Aprils have never meant that much to me. Autumns seem that season of beginning, Spring."
Truman Capote, Breakfast at Tiffany
There is a melancholy beauty to September, we mourn the passing of Summer which seems to rush by us and is over too soon. But as the sadness lifts we are given a new purpose in life and the permission to retreat into our own worlds. Keeping warm under quilts and blankets is part of the joy as is rediscovering my winter wardrobe. l will always prefer a jumper to a t-shirt and tights to bear legs. It's when I feel Forivor comes into it's own too and I imagine all of the families enjoying films nestled under quilts and children looking at the details I have drawn, visiting other places in their imagination.
It's when I begin thinking about new ideas and my appetite for drawing grows. At the moment I have been drawing people in bed, keeping warm and cocooned in their imaginary worlds. A theme I often return to. The rain is always my companion of choice to remind me that being inside rather than outside is a sanctuary now. Even though l slow down l find a new space to be more productive in a private way.

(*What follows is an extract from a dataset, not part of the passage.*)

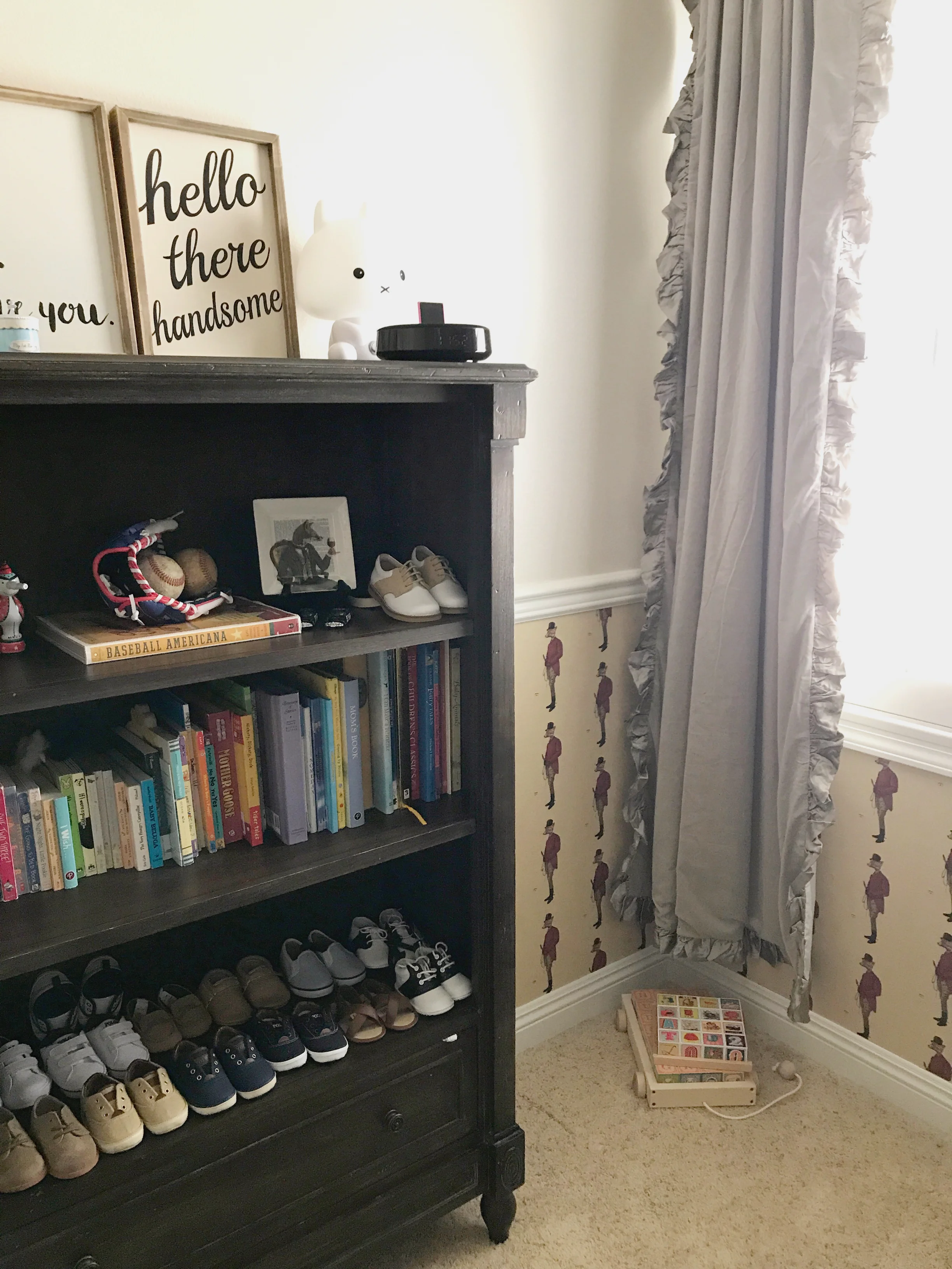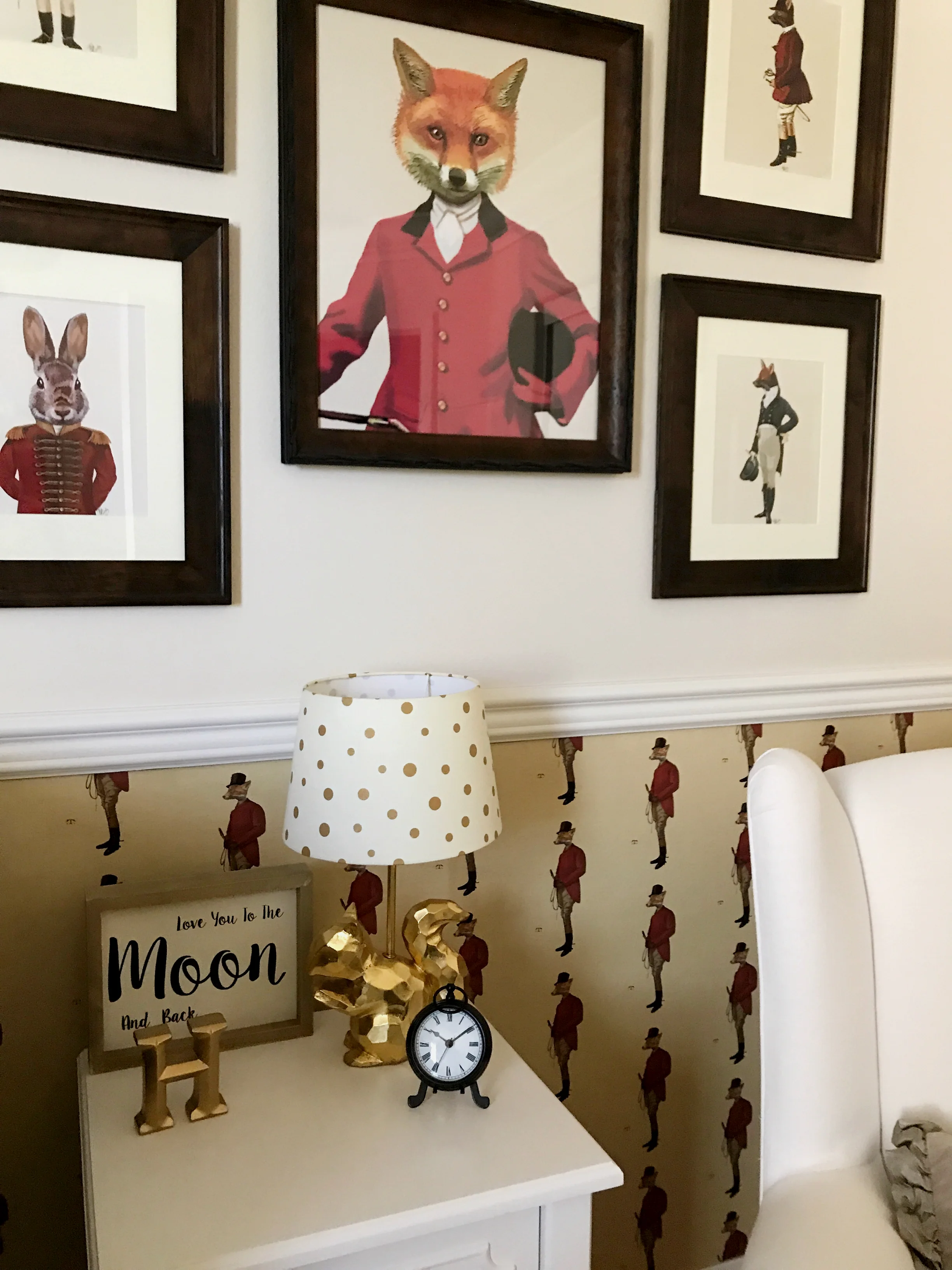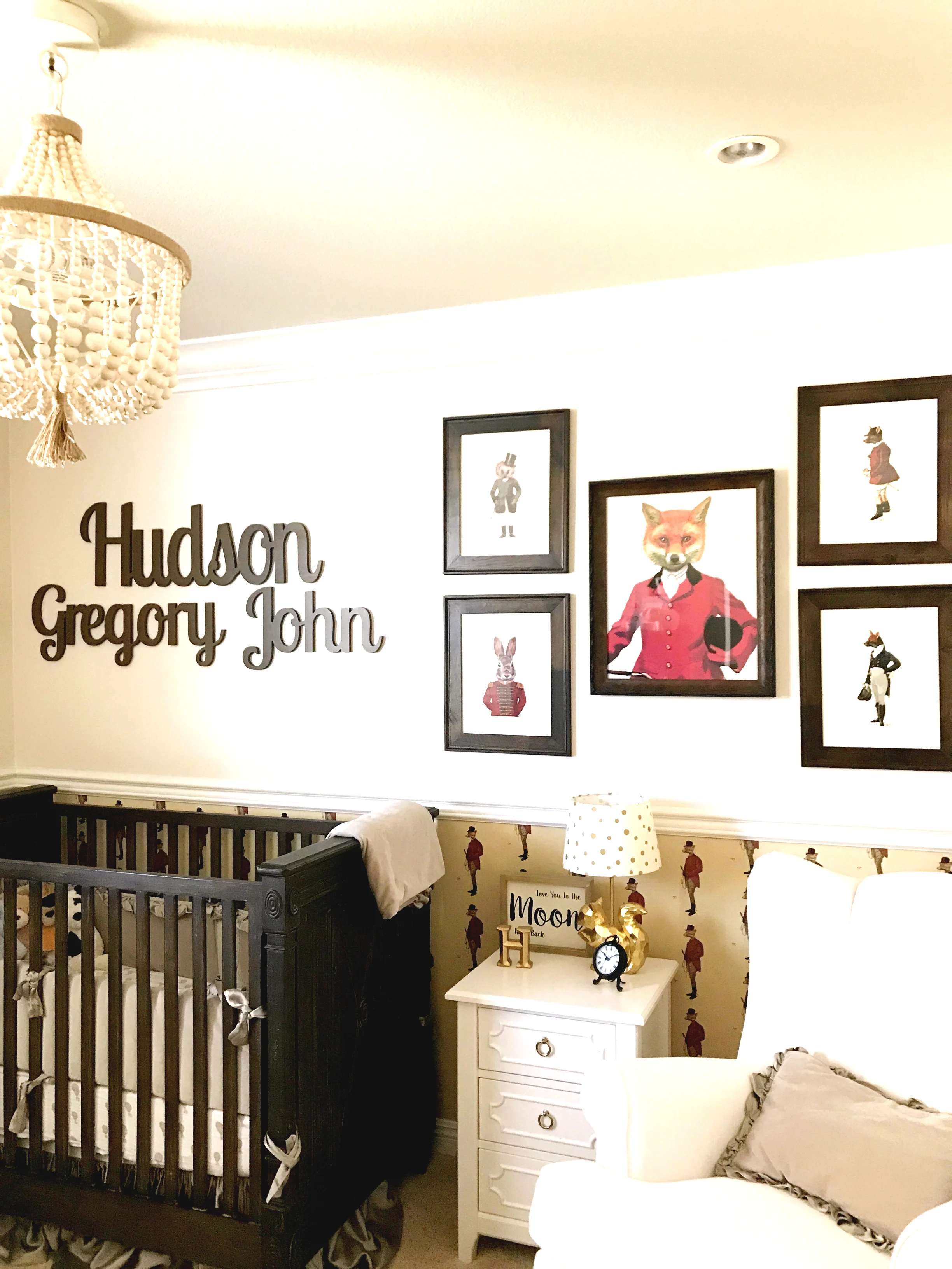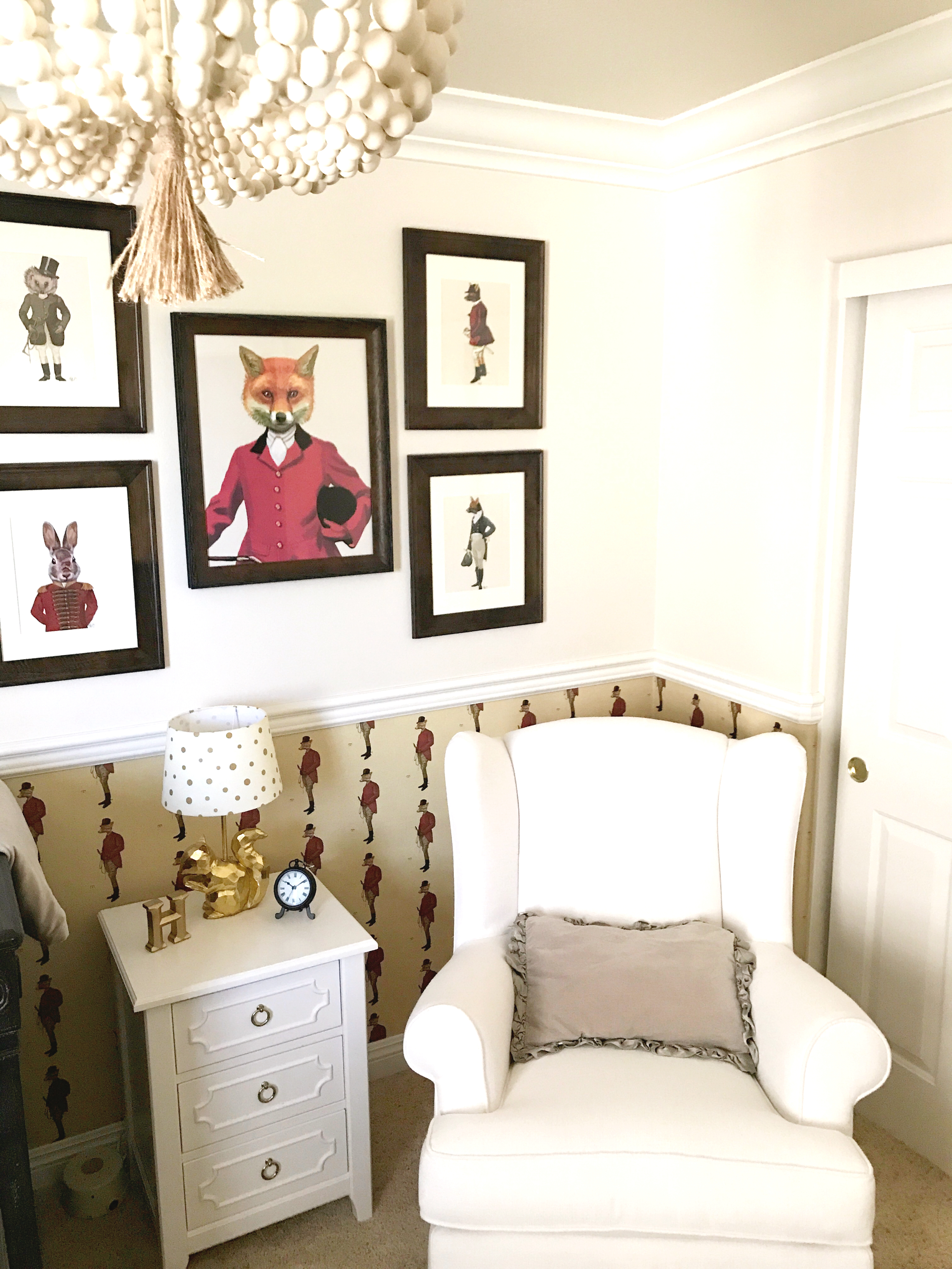 {Blogged over World of Dance. JLO. I mean...} Oh my gosh, I've wanted to do a room post for the past 10 months but I kept thinking "His room isn't finished! As soon as I get his rug/sconce/art ordered, then I will". Well, that might never happen, soooo here we go! I've written about this before a bit here, but everything about having a boy was an unknown concept to me. Our house was nothing but girl stuff and I hadn't ever thought about being a boy mom. What do they wear? What do they play with? What are they NAMED?? (naming this poor boy was the biggest struggle for us!) I was excited to decorate his nursery, but I had zero ideas as to a theme. I am not really a person who gets ideas from Pinterest. I like to just sort of ruminate on things, and eventually, ideas will come to me. Its different for me every time but something will be the trigger for a theme and I just build around it-- dinner parties, birthday parties, etc- I just need one little bit of inspiration. I knew I didn't want traditional cars or firetrucks or sports as a nursery theme-- I figure that when he is two or three, we will redo his room to fit whatever cartoon or sports team he is into at that time (and I am positive his Daddy will make sure its Cubs or Blackhawks related and if we have a better team at the time, mama is going to vote for purple and gold!) And I am sort of wallpaper obsessed right now and I knew I wanted to wallpaper his room. At first, I wanted a mural (I actually ordered this one) and I was thinking about doing a vintage map theme (another obsession of mine--I still think this would be the cutest theme!) I love ruffley, silky bedding for nurseries and I was deep into planning with this paper (It's called the Bunny Prince- what's not to love?) when I stumbled upon the most perfect theme for me. I love animals and anything horse/polo/English hunting lodge related. And when I saw this one, I think I might have squealed a little! It was like that moment when you see your wedding dress for the first time, (or a new handbag)-- that "THIS IS THE ONE moment! I'm not sure everyone was initially on board with my fox-wearing-a-jacket-idea *cough husband and mom cough* but the room has come together. I still need a little more art and some baskets for his shoes and a little more organization in his closet and maybe a little toy chest but this list will never end and since I love his room... here we go!

Illustrators are more private than artists in many ways. While artists are asked to explain themselves much more often in the public arena, an illustrators time is often spent processing what a client is asking of them. As Forivor is so personal and such a collaborative process with Rebecca that aspect is different but I still need to seek solitude and will need time to collect my thoughts, ruminating on what is being asked of me and how l can become most absorbed in the process. Autumn provides the perfect backdrop for this and why I consider it my spring too, just like Capote.